Феликс увидел в руках у сорванцов карманные фонарики и догадался, что означает «фейерверк». Они хотят осветить комнату девушек. Их затея ему понравилась. Может быть, Бритта выглянет в окошко. Он с удовольствием увидел бы её снова.

– Кажется, там – третье окно слева, – сказал он хрипло. – По-моему, это её комната.

Вспыхивают четыре карманных фонарика. Лучи света ползут вверх по белой стене. Потом они сливаются вместе… там, где находится третье окно слева.

Рената, Стрекоза, Лора и Бритта уже погасили свет и легли. Бритта не умолкая рассказывает о том, что она делала в клубе. Ну конечно же, все ребята ухаживали только за ней. С прыщавым Вальдемаром Фенцке она не пошла танцевать, хотя это он купил ей билет на танцы. Бритта болтает без умолку, но никто её не слушает. Урсула думает об Эгоне, который так терпеливо ждал её у моста; Лора расстроена тем, что Карл Великий, играя с ней в настольный теннис, смотрел только на мячи, а не на неё. А Рената рассержена на деревенских парней, смех которых доносится до «Ласточкина гнезда». Бывают же на свете такие противные ребята – глупые, хвастливые и гадкие!

Карманные фонарики осветили комнату.

– Что они там, с ума сошли? – возмутилась Рената.

Бритта поднялась с постели.

– Может быть, мне выглянуть разочек? – стремительно вскочила Стрекоза.

– У меня идея: давайте сбросим что-нибудь на голову этим сорванцам.

Девушки сразу же повыскакивали из кроватей.

– Я выплесну воду из вазы.

– А я вытрясу на них ведро с золой.

– Подожди, в ведре есть ещё немножко угля.

Половицы скрипят. Бритта ушибла ногу об стол. Стрекоза и Лора хихикают. Рената вынимает из ведра уголь.

– Осторожно! Смотрите, чтобы мальчишки нас не заметили, – предупреждает она.

Девушки садятся на корточки перед окном, в одних лёгких ночных рубашках. Они так волнуются, что их начинает немного познабливать. Протянув руку, Рената осторожно отодвигает оконную задвижку. На улице по-прежнему раздаются громкие вопли. Деревенские ребята как заворожённые уставились на их освещённое окно. Вот оно, словно по волшебству, бесшумно раскрывается. У Феликса громко бьётся сердце. Где же Бритта? Не она ли махнула ему рукой?.. Нет, это всего-навсего занавеска колышется от ветра. Осмелев, Феликс подходит вплотную к окошку. Ах, Бритта, Бритта!
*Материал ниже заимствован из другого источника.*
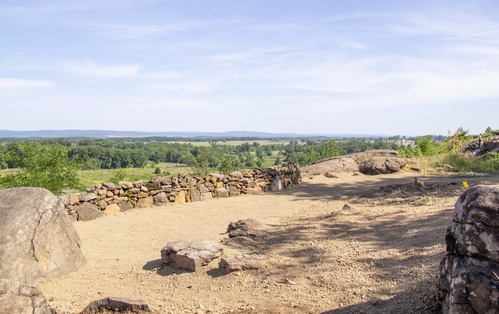 The gathering area near the 140th New York monument is nearly complete. The curved section next to the stone wall is constructed of stabilized aggregate while the section on the right received a layer of topsoil. Native seasonal grasses will be planted in this section.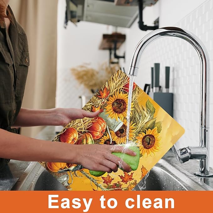 - Easy to clean:Crafted with your convenience in mind, these Autumn farmhouse rustic placemats are a breeze to clean. Just give them a quick wipe or gently hand wash to eliminate spills or stains, and they'll be ready for your next gathering. No need to fret about time-consuming maintenance, as these Thanksgiving table mats are resistant to fading and shrinking.

Он тихонько свистит.

«Выпивка, выпивкой, а служба службой». Ровно десять минут назад старший скотник Эмиль Кабулке, осушив последнюю кружку пива, поднялся с места, не обращая внимания на протесты своих партнёров по картам.

– Нет, нет. Ничего не поделаешь. Завтра утром, когда вы будете спать крепким сном, я уже примусь за работу.

Эмиль Кабулке нахлобучил на лоб кепку с большим козырьком и отправился восвояси. Светло-серая кепка Кабулке выглядела совсем как новая, или, точнее говоря, почти как новая. Кабулке получил её в подарок ещё на прошлое рождество, но, будучи человеком бережливым, надевал её только по воскресеньям. В обычные дни его лысую голову украшала старая, засаленная шапка.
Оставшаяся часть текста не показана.